Can a group of people do an action?
We regularly conjoin plural subjects with action verbs.
We have a desire to analyze the collective action purely into terms of the individual actions. This is a mistake - removes what is interesting about collective action.
Example: five people building a wall
Someone could say there is no more to this action than just the individuals laying bricks / cement.
This account gives no relations between the people doing the various actions
Example: swedish diplomat
Case 1: collective action
Want to talk to the diplomat, who is talking to someone else. Your teammate engages the other person, opening up the diplomat for you to sweep in.
Together you pull off the plan together
Case 2: no collective action
Same as above, except no coordination was planned with the teammate
It just happens that this other person started talking to the person talking to the diplomat, and you seize the opportunity.
It’s just one agent exploiting the actions of another agent.
The reduction of group actions to individual actions cannot distinguish the two cases.
One source of pressure that makes people (illegitimately) doubt the reality of collective action:
Cause by an intuitive (but bad) picture of how solitary action happens
A process that is caused by a psychological state
When we generalize this to groups, it requires us to postulate a group mind.
Laurence: this picture is bad because it presupposes the causality between action and mental states is like the causality between rocks bumping each other.
Different kinds of explanation ought be appropriate for talking about human action.
It lacks any reference to people’s purposes for acting.
Alternative
Slogan: acting together is acting with a common purpose.
E.g. bank robber is listening to a stethescope
We can ask why and get the answer “to crack the safe”
We can ask why is he cracking the safe and get the answer “because the robbers are robbing the bank”
Isn’t this circular?
All that was presupposed was that an intentional action with a plural subject is intelligible.

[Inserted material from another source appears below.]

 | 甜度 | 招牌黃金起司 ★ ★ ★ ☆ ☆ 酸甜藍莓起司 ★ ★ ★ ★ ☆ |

Proof: Laurence can articulate the difference between actions with plural subjects and plural agents
Why is the gunman holding the gun on the security guard? To immobilize him? Why? Because the robbers are robbing the bank.
What it means for the two actors to be acting together is that the “purposive explanations” of their actions unify at some point.

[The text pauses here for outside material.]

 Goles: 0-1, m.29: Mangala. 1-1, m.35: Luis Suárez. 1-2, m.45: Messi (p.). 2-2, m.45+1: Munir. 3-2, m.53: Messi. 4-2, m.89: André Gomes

Ethical/political consequences
Individualistic picture of acting together can cause problems
E.g. understanding democratic reasoning in terms of a lone agent tries to satisfy his preferences will cause distortions
What goes missing is the notion of a shared purpose/mission
Will be difficult to reconstruct the group from the individual citizen’s purposes.
Situations where impermissible coercion is involved
“Jump through this hoop or else I’ll set your pants on fire”
Force used against free riders (e.g. taxation)
Without collective reasons, we end up with strong libertarian arguments that taxation is theft.
My response:
Why is the reduction to individuals ‘a mistake’? Agree that it’s not the only way to make sense of a collective action, e.g. I can think of a person as a person or as a collection of atoms. The existence of one (even one that is strictly ‘more fundamental’) doesn’t render other interpretations incorrect?